Notwithstanding anything to the contrary set forth above, the terminating party shall have the option at any time after the expiration or earlier termination of this Agreement to replace the other party as the supplier of the disposable or reusable component products used in the Hybrid Kits, if the other party fails to perform its obligations to supply its component parts to the Customers as required above.

 

8. CONFIDENTIALITY; PUBLICITY

8.1 Restricted Information. During the term of this Agreement, the parties might furnish or make available to the other party proprietary or confidential information regarding their businesses and affairs, including without limitation confidential information pertaining to their products, services, customers, technology, and business operations that is designated by name, trademark, or other appropriate text to be proprietary or confidential in nature (“Restricted Information”). All Restricted Information furnished or made available to the other party during the term of this Agreement, however and whenever acquired during the term hereof, shall remain the property of the party furnishing the information. Each party shall treat the Restricted Information as strictly confidential, shall use it solely for the purposes contemplated by this Agreement, and shall not reveal, divulge, disclose, or duplicate any Restricted Information without the other party’s written consent, except for the party’s employees who need to know the information for purposes of carrying out the purposes of this Agreement. However, the party receiving the Restricted Information shall direct its employees who have access to the Restricted Information to treat it as strictly confidential, and shall indemnify the other party and hold it harmless from, any damage resulting from a breach of confidentiality caused by any of its employees. Each party shall return to the other party at the expiration of this Agreement, all Restricted Information that it received from the other party. Each party’s specifications for its products and services are its exclusive property. The confidentiality restrictions defined in this paragraph shall remain in effect for twenty (24) months beyond termination of the Agreement.
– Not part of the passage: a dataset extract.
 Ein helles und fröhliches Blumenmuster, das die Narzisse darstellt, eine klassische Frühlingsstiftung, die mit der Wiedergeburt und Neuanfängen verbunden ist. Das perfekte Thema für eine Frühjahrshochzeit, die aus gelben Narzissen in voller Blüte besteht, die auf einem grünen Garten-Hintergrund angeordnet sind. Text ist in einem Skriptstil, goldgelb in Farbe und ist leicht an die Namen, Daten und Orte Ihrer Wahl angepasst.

8.2 Confidential Terms of this Agreement. Each party shall treat the Margin Percentages contemplated by Section 2.3 of this Agreement and the fee amounts in Section 2.9(b) and 3.13(h) as strictly confidential and shall not disclose such information to any third party, except as required by applicable law or by any governmental agency.
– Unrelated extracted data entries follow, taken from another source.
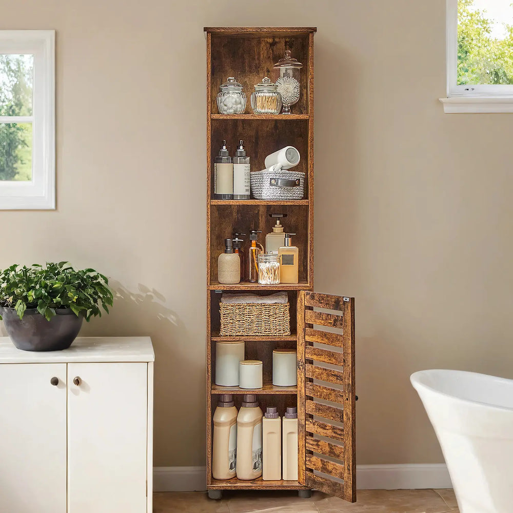 Freestanding Tall Bathroom Storage Cabinet, Bathroom Floor Cabinet, with Open Shelves, Adjustable Shelves, Rustic Brown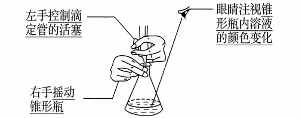 • 在锥形瓶下垫一张白纸,左手控制滴定管,右手摇动锥形瓶,眼睛注视锥形瓶溶液颜色变化。摇动时右手握住锥形瓶颈,使溶液单方向不断旋转(左旋、右旋均可),不可前后振动。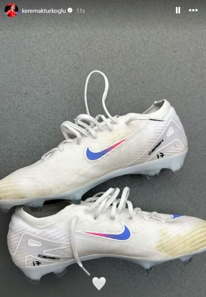Geçen aralık ayında çocuk gelişim uzmanı Ceren Azak ile Kocaeli'de sözlenen Aktürkoğlu, müstakbel eşinin ismi ile Benfica'daki forma numarası 17'yi özel olarak kramponlarına yazdırdı. 26 yaşındaki yıldız, bu anlamlı detayı Instagram'da paylaşıp gönderisine beyaz kalp emojisi ekledi.

8.3 Publicity. Neither party will make any press release or other public announcement regarding this Agreement without the other party’s express prior written consent, except as required under applicable law or by any governmental agency, in which case the party required to make the press release or public disclosure shall use commercially reasonable efforts to obtain the approval of the other party as to the form, nature and extent of the press release or public announcement prior to issuing the press release or making the public announcement.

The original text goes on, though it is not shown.